Il sait désormais où elle habite, et a eu droit à
une poignée de main.
Quelques jours plus tard, Johannes se rend au rendez-vous que Cordélia
a donné à un jeune homme dans une exposition. Johannes se
plaît à constater que les premières fois tant regrettées
par les amoureux sont en fait, d'un point de vue extérieur, totalement
laides ; il préfère aux premières fois les amours
expérimentées, les seules auxquelles il trouve une authentique
beauté. Le jeune homme ne vient pas, et Johannes profite de la
confusion de Cordélia pour s'en rapprocher encore un peu plus.
Il en obtient cette fois-ci un sourire, et se donne pour objectif de découvrir
son nom.
Le 9 avril, Johannes croise Cordélia par le plus grand des hasards,
et il est comme foudroyé par sa beauté. Il regrette d'avoir
oublié aussitôt les détails de cette beauté,
mais retient qu'elle portait un manteau dont le vert va structurer ses
rêveries.
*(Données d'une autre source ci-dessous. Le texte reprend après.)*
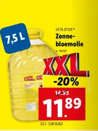 Lidl heeft een heel interessante XXL-promotie lopen tot 14 november. Tot die dag kan je nog heel voordelig zonnebloemolie aankopen.
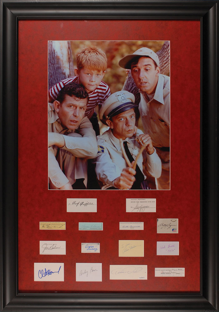 Ink and felt tip signatures of 14 cast members of The Andy Griffith Show on various size cards, album pages, and slips. Signers are: Andy Griffith, Don Knotts, Ron Howard, Frances Bavier, Aneta Corsaut, Betty Lynn, Jim Nabors, George Lindsey, Allan Melvin (ins), Hal Smith, Clint Howard, Howard Morris, Denver Pyle, and Parley Baer. All are matted and framed together with an oversized portrait of the primary cast to an overall size of 28.25 x 40.5. In fine condition. Pre-certified PSA/DNA and RR Auction COA.

Les jours suivants, Johannes s'étonne d'être
aussi épris, essaie de se calmer, mais ne parvient qu'à
intensifier ses sentiments. La fréquentation d'autres femmes ne
le satisfait pas, et même, au contraire, l'emplit d'impatience.
Il guette le nouveau hasard qui lui fera à nouveau croiser la route
de Cordélia, et la cherche en vain dans tous les milieux mondains.
Un mois plus tard, le 15 mai, Johannes retrouve la jeune femme, et la
suit, en tâchant de ne pas se faire remarquer. Elle finit par lui
échapper.
Le 16 mai, Johannes est heureux d'être amoureux, et décrit
tout le bonheur qu'il ressent à se trouver dans cet état
presque mystique. Le 19 mai, Johannes découvre enfin le nom de
sa convoitise, nom qu'il trouve merveilleux. Il la trouve dans une rue,
accompagnée de deux amies, qui finissent par prononcer distinctement
son nom. Il retient également la localisation de la maison dans
laquelle les trois amies entrent au bout du compte. Les jours suivants,
Johannes en apprend davantage sur le passé de Cordélia et
sur la manière dont elle vit dans cette maison. Le 22 mai, il la
rencontre officiellement pour la première fois. Elle semble indifférente,
et lui-même joue l'indifférence pour mieux l'observer. Il
veut pouvoir venir régulièrement dans sa maison, mais sa
famille a une vie assez recluse ; il n'y a pas de jeune homme, de cousin,
de neveu avec qui il puisse sympathiser. Johannes pense avoir trouvé
en Cordélia son idéal féminin, qui consiste à
être neutre, solitaire et sans coquetterie. Il est heureux de la
savoir éduquée dans l'austérité.
Johannes et Cordélia se croisent de plus en plus fréquemment.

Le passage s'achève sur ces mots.